We have previously installed dual T4 cards in an R450 server. The cards ran nicely and idle at 30C.
I installed single L4 cards in a few more R450 servers, but before I configured any drivers or used any of them, I noticed these cards were too hot to handle comfortably. (I had to go back in to remove the plastic tape from one.) nvidia-smi indicates these cards are around 70C at idle.

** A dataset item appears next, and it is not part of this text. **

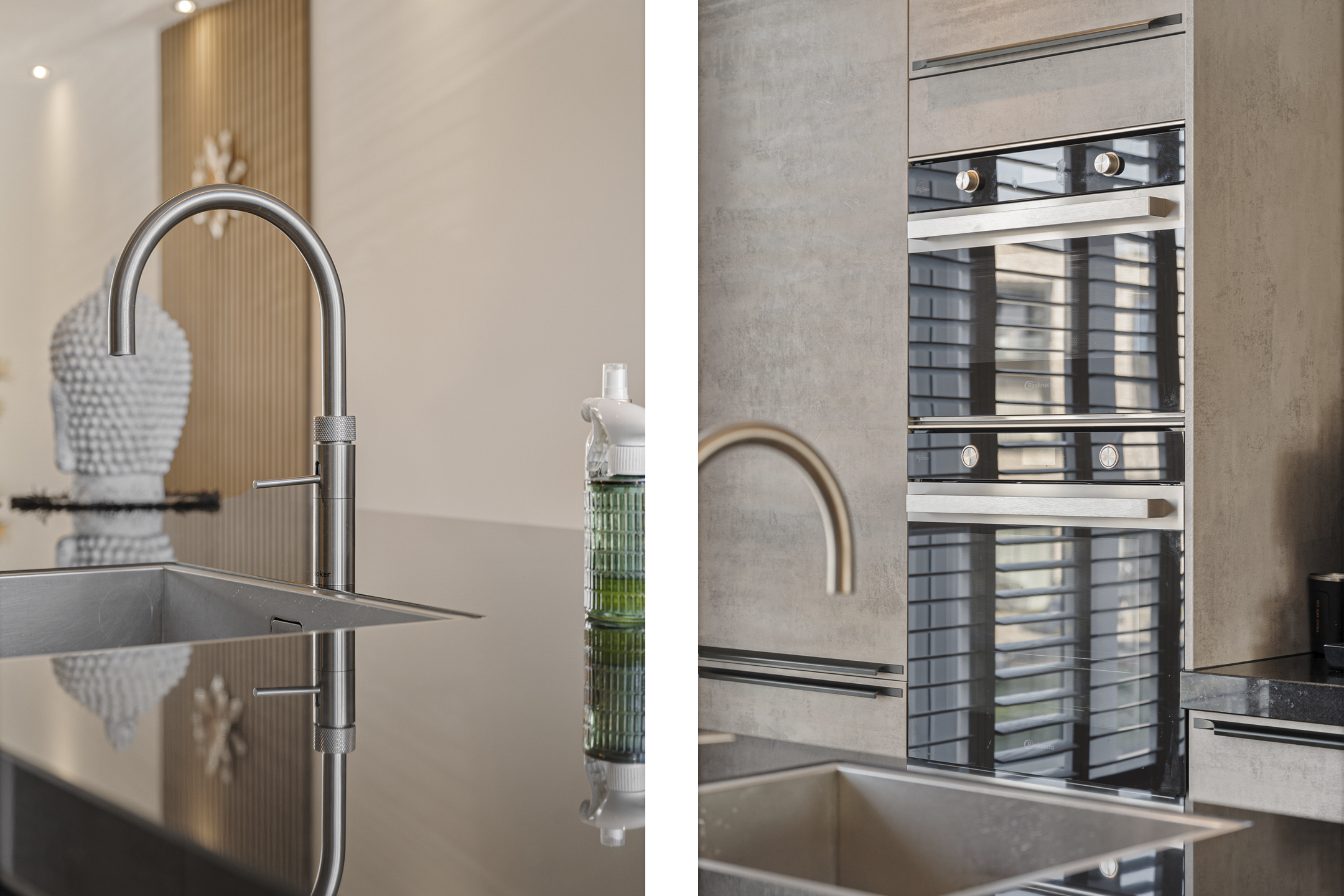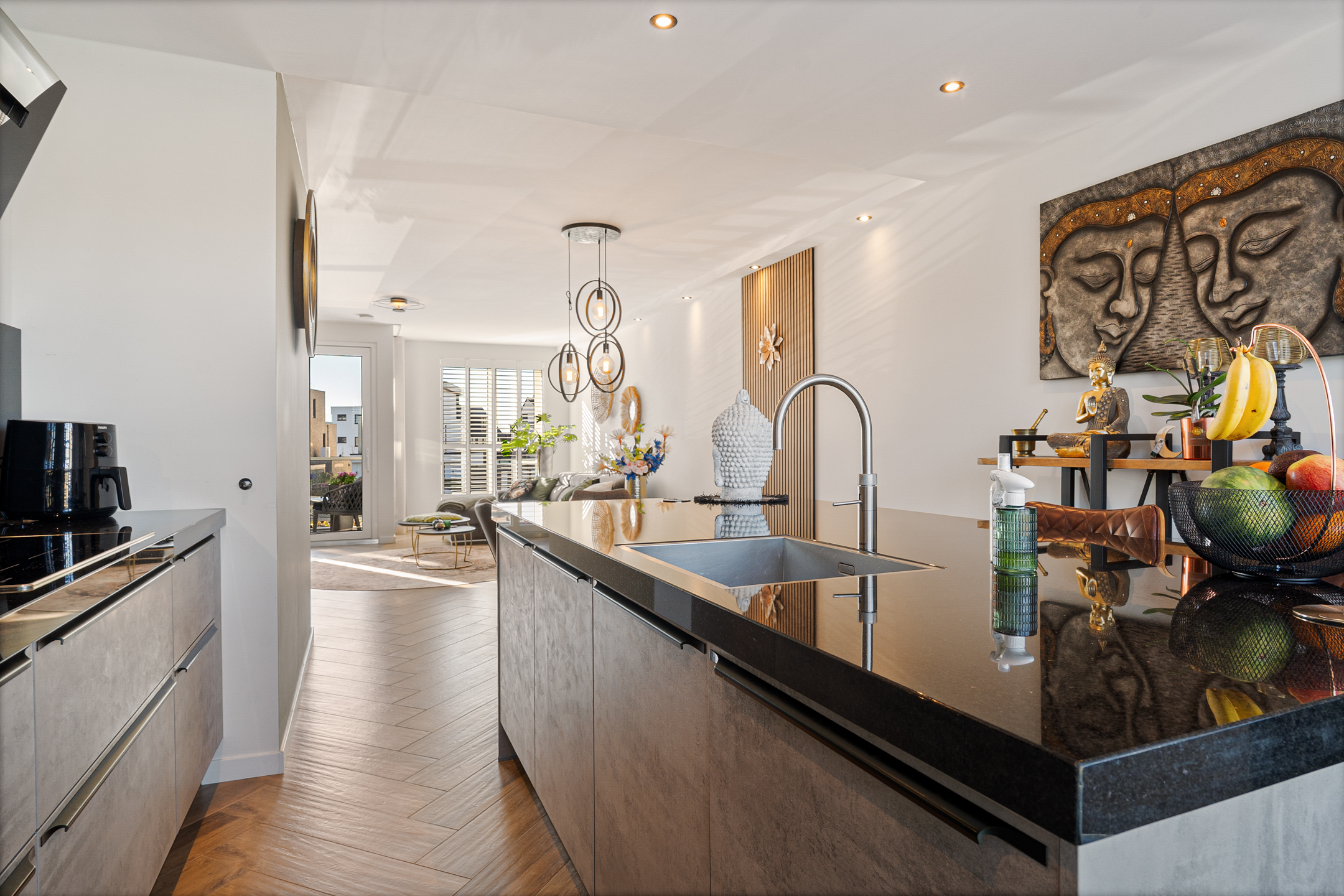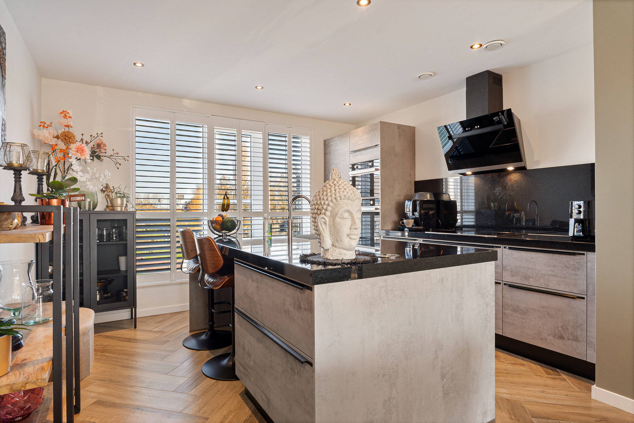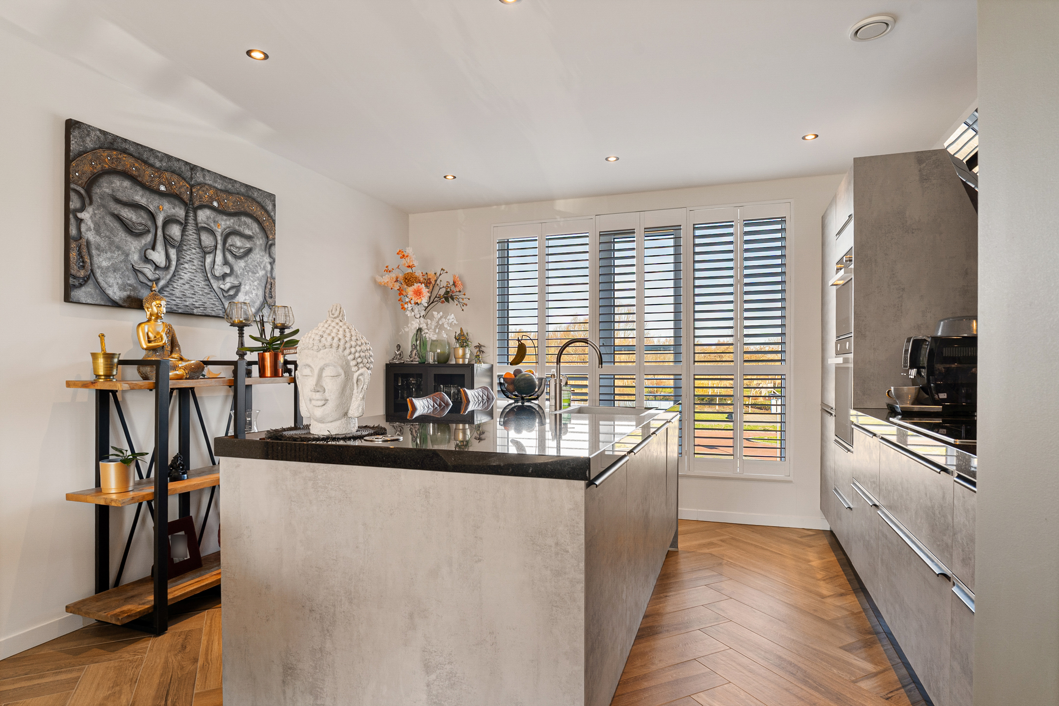 De open keuken is een echte blikvanger en uitgevoerd met een modern kookeiland, luxe keukenkraan (Quooker), hoogwaardige inbouwapparatuur en veel werkruimte. Een ideale plek om uitgebreid te koken en te genieten met familie en vrienden.

My Data Scientist finds the L4 is benchmarking worse than the T4, and we reckon that the card is throttling due to thermal management.
The pattern we see, comparison with AWS, or our T4s, is the clocks are running high at idle (2000+ MHz versus hundreds) so it’s like they’re locked into some kind of non-scaling mode.
L4 clocks at idle:
Clocks
Graphics : 2040 MHz
SM : 2040 MHz
Memory : 6250 MHz
Video : 1770 MHz
Applications Clocks
Graphics : 2040 MHz
Memory : 6251 MHz
Default Applications Clocks
Graphics : 2040 MHz
Memory : 6251 MHz
T4 clocks at idle:
Clocks
Graphics : 300 MHz
SM : 300 MHz
Memory : 405 MHz
Video : 540 MHz
Applications Clocks
Graphics : 585 MHz
Memory : 5001 MHz
Default Applications Clocks
Graphics : 585 MHz
Memory : 5001 MHz
We see Performance State P8 on our T4, but the L4s alternate between P8 and P0. It looks like P0 may be a “thermally throttled” state above 70C.
I generated a nvidia-bug-report.log.gz
but do not see how to post it. Is it possible to obtain technical support from Nvidia?